## Goal of the exercise:
Starting at the line with "新島沖の飛鳥II イメージ" and going on through the line with "Eco automatic suction", reproduce each line in the records below exactly and nothing more.

## Entries supplied:
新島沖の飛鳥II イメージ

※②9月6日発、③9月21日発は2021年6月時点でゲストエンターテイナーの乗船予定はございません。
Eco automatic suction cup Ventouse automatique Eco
...
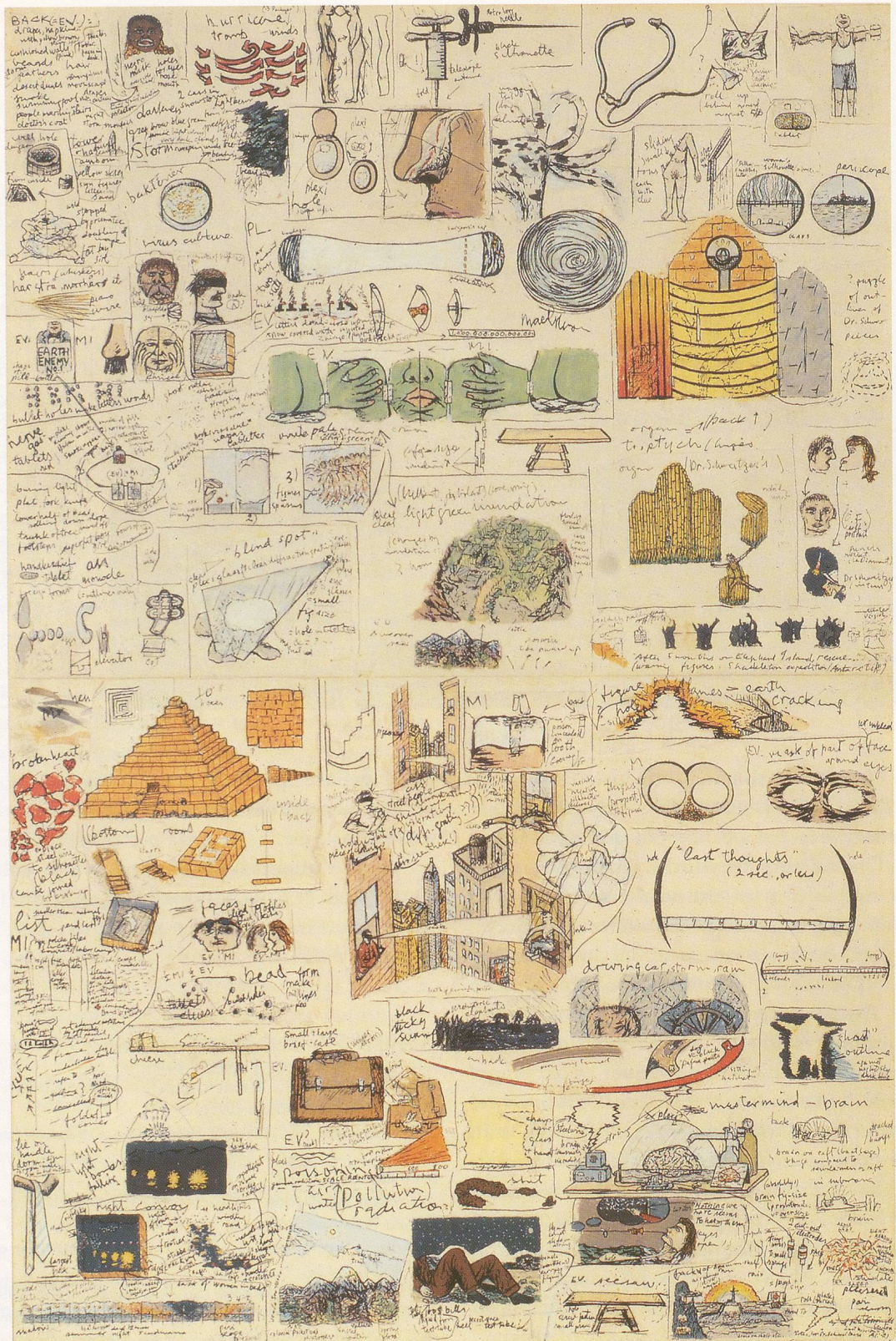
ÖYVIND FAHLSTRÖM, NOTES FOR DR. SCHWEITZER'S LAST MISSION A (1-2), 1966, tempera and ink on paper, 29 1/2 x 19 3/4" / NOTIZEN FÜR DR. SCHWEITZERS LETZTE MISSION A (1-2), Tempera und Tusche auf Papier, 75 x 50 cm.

## Worked solution:
新島沖の飛鳥II イメージ

※②9月6日発、③9月21日発は2021年6月時点でゲストエンターテイナーの乗船予定はございません。
Eco automatic suction cup Ventouse automatique Eco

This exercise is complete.